The frequency of data collection is crucial in the context of MBC and associated tools where data is collected at varying time intervals, ranging from hours (e.g. ecological momentary assessments) or weekly/monthly (e.g. when prompted by a clinician at an appointment). Monitoring and data entry is driven by a multitude of factors including feasibility, ease of collection and motivation and the outcomes of interest (e.g. suicidal ideation, mood) which are important, dynamic and specific to that individual. However, research into the timeliness of data collection for an individual has been limited (see ref. 51 as an exception). As such, approaches that can provide timely prompts for information given an individual’s specific circumstances would increase the level of personalised care.

Our analysis highlights that variability differs across the population and that predictions from a baseline observation are highly uncertain. The FUT values indicate how quickly information is lost and provide an approximate measure for how often an individual should be observed. These values tend to be lower when little information about a person is known (e.g. at baseline), or when someone has a highly variable course of illness. This implies that individuals should be observed more frequently during the early stages of care52 and when there is high observational variability. For example, the individual in Fig. 2d should be observed frequently (approximately weekly) compared to other individuals that had more stable trajectories.
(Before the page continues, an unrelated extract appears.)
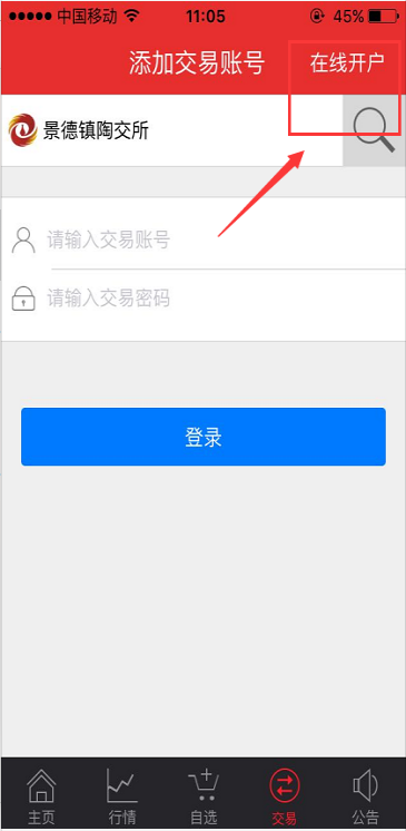 (8)步驟八:注冊“交易賬戶”成功后,返回步驟三,搜索“景德鎮(zhèn)陶交所”并輸入交易賬戶進(jìn)行登錄。

Decisions regarding monitoring frequency need to consider several modelling and clinical factors not fully accounted for here. The recommendations assume a desired level of certainty (95% ETI range within 50% of the SIDAS range), which can be adjusted to increase or decrease the monitoring frequency. This implies that the FUT estimates should be considered as relative, rather than absolute. Furthermore, the emergence of suicidal ideation within individuals with no prior history of suicidal ideation necessitates ongoing observations. To improve our understanding of these phenomena, future work should focus on allowing for abrupt changes in an individual’s state or incorporating dynamic parameters.

Our suggestion is to observe people when we know that our prior observations have limited predictive value, rather than to observe people at an absolute higher ideation level. This is a product of the random walk nature of the model parameterisation. If there was a dependency between current suicidal ideation scores and the future change in those scores, our recommendations may change.

A future goal for this work is to construct a modelling procedure that could be implemented using digital technologies within an MBC setting. We also want to expand this to several factors that are routinely monitored. The product would be a modelling approach that provides insights about the possible trajectories that an individual could take along with the summarisation of those trajectories—such as the individualised high-ideation probability, variability and recommended FUT—that could provide quick and informative insights for clinicians. We provide an illustrative example of the trajectory updating procedure in Fig. 3.

We acknowledge that there are several limitations in this work. Data are limited to those individuals who have engaged in clinical care using the Innowell platform. Furthermore, the data may not be missing at random as individuals were not obliged to enter their data into Innowell, which could lead to biases in the recorded level of suicidal thoughts.

The model formulation does not fully capture several aspects of suicidal ideation. The most important of which may be the binary aspect of suicidal ideation. Many individuals have no suicidal ideation throughout care, or they may transition from no suicidal ideation to a non-zero value. Similarly, other instantaneous movements or dynamic changes in their diffusion parameters are unlikely to be well-modelled. Model expansions could be made, including transitions to other qualitatively different states53 or including time-varying parameters54. We also do not explicitly include covariates at baseline within the model.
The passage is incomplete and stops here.